# Show that $\sum_n \frac{1}{a_n}\lt90$ [duplicate]

Let $1,2,3,4,5,6,7,8,9,11,12,\cdots$ be the sequence of all the positive integers which do not contain the digit zero. Write $\{a_n\}$ for this sequence. By comparing with a geometric series, show that

$$\sum_n \frac{1}{a_n}\lt90$$

I would try to start this but summing the geometric series is trivial, so the point lies in finding such a series(or a set of series)

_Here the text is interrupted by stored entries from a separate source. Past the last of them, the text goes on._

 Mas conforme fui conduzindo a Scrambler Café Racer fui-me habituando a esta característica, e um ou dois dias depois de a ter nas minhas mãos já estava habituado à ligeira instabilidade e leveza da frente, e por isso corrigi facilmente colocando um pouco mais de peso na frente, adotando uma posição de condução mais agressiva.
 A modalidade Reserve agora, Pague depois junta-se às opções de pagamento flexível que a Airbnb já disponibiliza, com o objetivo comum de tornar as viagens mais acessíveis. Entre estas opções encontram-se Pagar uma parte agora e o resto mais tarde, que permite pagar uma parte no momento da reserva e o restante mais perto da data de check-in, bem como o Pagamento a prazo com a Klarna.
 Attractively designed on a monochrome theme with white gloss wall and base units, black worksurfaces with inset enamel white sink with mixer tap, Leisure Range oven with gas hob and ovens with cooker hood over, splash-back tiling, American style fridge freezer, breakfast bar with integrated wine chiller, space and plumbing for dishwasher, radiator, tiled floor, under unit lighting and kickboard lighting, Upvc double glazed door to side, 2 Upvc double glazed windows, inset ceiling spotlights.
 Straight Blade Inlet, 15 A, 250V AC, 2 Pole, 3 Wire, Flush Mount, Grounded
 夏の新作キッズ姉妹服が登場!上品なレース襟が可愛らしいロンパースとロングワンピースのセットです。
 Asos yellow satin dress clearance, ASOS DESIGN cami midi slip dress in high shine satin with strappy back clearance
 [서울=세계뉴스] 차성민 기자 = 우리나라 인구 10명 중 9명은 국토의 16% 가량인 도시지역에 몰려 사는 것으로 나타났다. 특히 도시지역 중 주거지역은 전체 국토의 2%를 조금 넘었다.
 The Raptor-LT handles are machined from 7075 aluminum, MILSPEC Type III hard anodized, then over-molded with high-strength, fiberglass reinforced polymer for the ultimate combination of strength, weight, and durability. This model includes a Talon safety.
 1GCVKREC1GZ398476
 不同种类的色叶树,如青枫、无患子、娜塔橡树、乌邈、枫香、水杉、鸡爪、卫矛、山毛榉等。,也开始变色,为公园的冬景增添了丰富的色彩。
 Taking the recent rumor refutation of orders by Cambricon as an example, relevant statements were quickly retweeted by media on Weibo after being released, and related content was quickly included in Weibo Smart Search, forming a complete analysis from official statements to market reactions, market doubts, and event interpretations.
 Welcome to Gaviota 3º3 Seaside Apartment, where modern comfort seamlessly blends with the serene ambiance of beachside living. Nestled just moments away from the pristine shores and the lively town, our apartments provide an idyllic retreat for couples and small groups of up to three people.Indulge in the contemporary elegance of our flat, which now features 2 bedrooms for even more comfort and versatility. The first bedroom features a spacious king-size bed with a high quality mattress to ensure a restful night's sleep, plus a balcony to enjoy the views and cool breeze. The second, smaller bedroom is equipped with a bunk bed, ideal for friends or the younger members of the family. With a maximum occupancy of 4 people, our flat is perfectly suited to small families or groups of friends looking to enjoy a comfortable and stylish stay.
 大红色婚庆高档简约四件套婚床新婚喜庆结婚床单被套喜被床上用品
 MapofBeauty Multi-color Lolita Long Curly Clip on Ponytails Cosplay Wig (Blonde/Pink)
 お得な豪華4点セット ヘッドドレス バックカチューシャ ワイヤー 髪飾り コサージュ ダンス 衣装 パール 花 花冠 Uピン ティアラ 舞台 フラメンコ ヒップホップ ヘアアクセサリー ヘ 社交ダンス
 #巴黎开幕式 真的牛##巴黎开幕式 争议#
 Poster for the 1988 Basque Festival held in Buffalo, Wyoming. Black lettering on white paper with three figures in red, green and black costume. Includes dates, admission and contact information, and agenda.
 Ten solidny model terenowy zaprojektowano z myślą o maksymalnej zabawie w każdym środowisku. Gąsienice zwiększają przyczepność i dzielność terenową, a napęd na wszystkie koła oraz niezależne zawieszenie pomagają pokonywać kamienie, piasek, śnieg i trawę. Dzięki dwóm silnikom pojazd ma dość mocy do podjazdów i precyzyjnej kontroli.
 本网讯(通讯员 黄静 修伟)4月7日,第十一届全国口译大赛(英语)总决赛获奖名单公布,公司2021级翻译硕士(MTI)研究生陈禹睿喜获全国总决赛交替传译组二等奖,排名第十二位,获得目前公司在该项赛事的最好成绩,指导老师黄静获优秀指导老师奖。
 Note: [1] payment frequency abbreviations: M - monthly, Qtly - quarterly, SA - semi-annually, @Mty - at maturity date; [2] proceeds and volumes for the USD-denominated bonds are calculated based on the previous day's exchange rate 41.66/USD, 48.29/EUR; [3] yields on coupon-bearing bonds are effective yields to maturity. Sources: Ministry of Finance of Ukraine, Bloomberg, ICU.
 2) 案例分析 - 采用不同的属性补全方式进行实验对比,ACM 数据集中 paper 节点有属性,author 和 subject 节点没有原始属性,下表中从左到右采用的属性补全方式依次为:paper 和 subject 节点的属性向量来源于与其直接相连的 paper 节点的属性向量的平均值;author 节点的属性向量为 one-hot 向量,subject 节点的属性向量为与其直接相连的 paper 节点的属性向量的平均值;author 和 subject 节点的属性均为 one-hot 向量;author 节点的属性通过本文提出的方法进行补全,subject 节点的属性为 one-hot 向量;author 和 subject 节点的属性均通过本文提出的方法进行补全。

This looks really amazing to me since this is just the harmonic series, with (apparently) a small fraction of the terms removed, and yet it converges.

• What is the question?
– user122283
Apr 9, 2014 at 16:23
• The number of terms in the sequence $a_n$ must be lesser than approximately $1.2204\times 10^{39}.$
– user122283
Apr 9, 2014 at 16:27
• Here is an observation that I strongly suspect will lead to a solution (but I haven't got the time to actually try it): There are nine times as many $n+1$ digit numbers with no zeroes as there are $n$ digt numbers with no zeroes. You get the former by taking each of the latter, call it $k$, and forming $10k+1$, … ,$10k+9$. Now use the fact that each of the latter is $>10k$. I smell the sum $\sum(9/10)^n$ in there … Apr 9, 2014 at 16:27
• This is a Kempner series. Duplicate of this, this, and this. Apr 9, 2014 at 16:32
• Oh, and one more thing: You are not really removing a small fraction of the natural numbers. You are keeping $(9/10)^n$ of all $n$-digit numbers, which is a vanishingly small fraction when $n$ is large. Apr 9, 2014 at 16:32

Let $S_1 = \sum\frac{1}{b_n}$ where $b_n$ is the finite subsequence of $a_n$ which are one digits numbers. Obviously $S_1$ is finite.
Let $S_2 = \sum\frac{1}{c_n}$ where $c_n$ is the finite subsequence of $a_n$ which are two digits numbers. Then $S_2 < \frac{9}{10}S_1$
Let $S_3 = \sum\frac{1}{d_n}$ where $d_n$ is the finite subsequence of $a_n$ which are three digits numbers Then $S_3$ is smaller than $\frac{9}{10}S_2$. Because of the fact that $\sum_{c=1}^9\frac{1}{abc} \leq \sum_{c=1}^{9}\frac{1}{ab0} \leq \sum_{c=1}^9\frac{1}{10}\frac{1}{ab}$.
Then the result follows if we compute $S_1$ as $\sum_{k=1}^9\frac{1}{k}$